A third option involves buying private insurance outside of the ACA marketplaces. Temporary or catastrophic plans may seem like suitable options, but read the fine print carefully: Some don’t cover pre-existing conditions or may have very high out-of-pocket costs, low coverage limits, or other limitations which may make the plans less desirable, depending upon your circumstances — especially if you or a family member on the plan becomes acutely ill.
Finally, know that under the CARES Act, COVID-19 testing is free, even for the uninsured. You also cannot be denied emergency care at a hospital due to a lack of insurance, though it is strongly recommended you carry some form of insurance at all times.
Vacation pay, severance, and back pay
Depending on your state and company, you may be entitled to a pay-out of any unused vacation pay or PTO. Check with your HR department to see if this applies in your case. You will also be entitled to compensation for back pay.
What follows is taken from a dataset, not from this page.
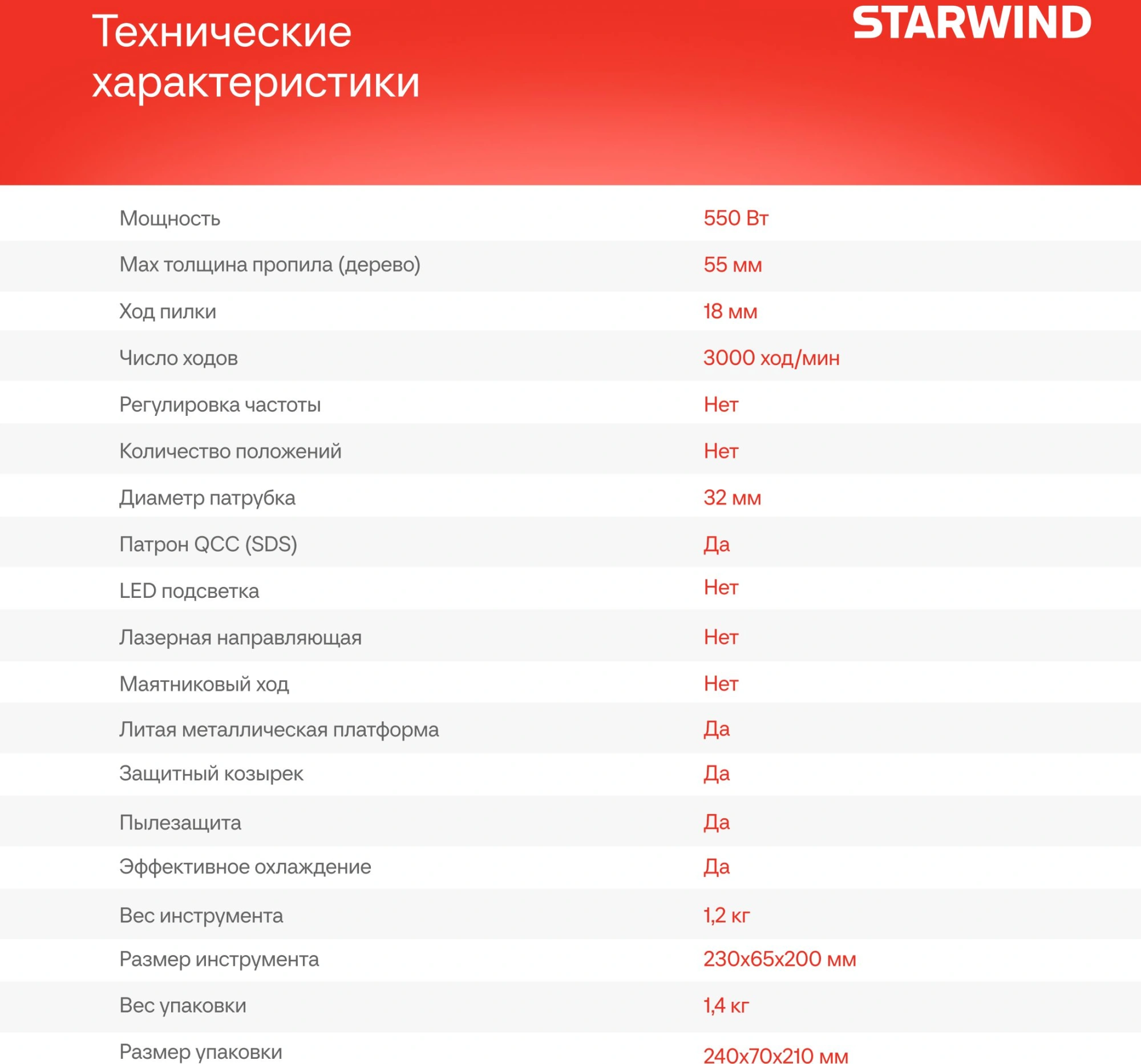 Лобзик Starwind JS55-550S1 +1пил. 550Вт 3000ходов/мин от электросети

Some employers may choose to offer severance for long-term employees, though this is not required by law, and varies by company and employee. Under the Older Workers’ Benefit Protection Act, workers over 40 have 21 days to review and decide on any severance package; if you’re facing mass layoffs, that period is even longer, so take your time to assess your severance package and determine whether anything can be negotiated with your employer.
HSAs, life, and disability insurance
Any balance in a Health Savings Account is portable and yours to keep when parting with an employer, and the funds can be used to pay for COBRA health coverage continuation, telemedicine, or other health-care costs post-employment separation. You can also withdraw funds to compensate yourself for past out-of-pocket expenses.
Depending upon your employer and insurance plans, some forms of life and disability insurance may also be portable, especially if these are supplementary, or “add-on” plans that you’ve purchased beyond your standard employer offerings, Consult with your HR department to determine the portability of these plans, or any other options available to you.
401(k) plans and pensions
If your 401(k) balance is $5,000 or greater at the time of separation, you can keep your funds in your company’s existing 401(k) plan. This can offer several benefits, including avoiding the stress of managing a rollover and forcing your hand out of the proverbial 401(k) cookie jar. If your balance is under $1,000, your company may just write you a check, and it will be taxed as a contribution. If this is your situation, consider whether you’re able to roll over the funds into an IRA to avoid distribution taxes. If your balance is between $1,000-$5,000, your company is required to help you manage the transition of your funds.
Keep in mind that if you have a 401(k) loan outstanding at separation, the balance will become due immediately, generally within 39-60 days. If you’re unable to pay the balance, the remainder will be deducted from your 401(k) account and treated as a taxable distribution.
Depending upon the provisions of your company’s pension and to what degree you’re vested, you may be eligible to retain all or a portion of any pension plans. Some companies may also allow a cash-out of benefits, while others won’t make distributions until you reach a certain age. Consult your HR department or pension plan documents to ascertain which is true in your situation. Generally speaking, you should avoid cashing out pensions, as this increases the likelihood that you’ll spend the proceeds.
Each job separation situation is unique, and this list is not comprehensive, so speak with your employer or plan administrators to help better understand your options.